Spencer Ackerman writes about al-Qaeda in the Arabian Peninsula's latest venture, which is apparently a print magazine:

The magazine itself has a hefty feature well, reports The Atlantic’s Marc Ambinder, consistent with what any ambitious editor would want to see in a rollout issue. Osama bin Laden himself offers his thoughts on “How to Save the World”: blow stuff up when people disagree with you about what’s Islamic! His deputy, Ayman al-Zawahiri shares his insights on what’s going down in Yemen. But the anchor is a message from Anwar al-Awlaki, the New Mexico-born preacher who’s become al-Qaeda’s biggest draw as an online propagandist. So much so that the Obama administration reserves unto itself the right to kill Awlaki, a U.S. citizen, without due process of law.

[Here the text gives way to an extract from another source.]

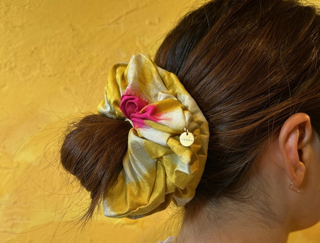 着物で作ったシュシュ。五足のくつの浴衣にも似合います。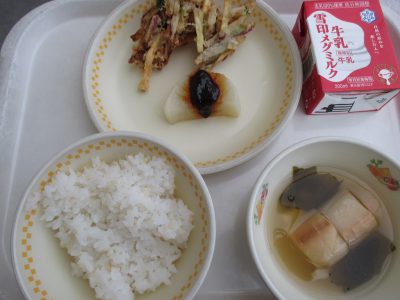 今日の献立は「かきあげ、ふろふき大根、すまし汁」でした。

And then there are some promising front-of-the-book experiments. “What to Expect in Jihad” is self-explanatory. “The AQ Chef” gives you a step-by-step on “How To Make A Bomb In The Kitchen Of Your Mom.” And that threads the needle for the apparent purpose of launching Inspire: getting frustrated Muslim youth to buy into al-Qaeda’s holistic conspiracy theory that the crises of the modern era are attributable to a nefarious American/Jewish alliance against True Islam, and then giving them the tools to murder people.

Marc Lynch says it's not clear whether the magazine is legit, but if it is, I think the U.S. might have a big opportunity here. Osama bin Laden's stated goal was to lure America into various wars in order to "bleed America to the point of bankruptcy."

Sounds to me like making sure al-Qaeda continues to publish a print magazine is a chance to return the favor. Talk about your resource-sucking quagmires.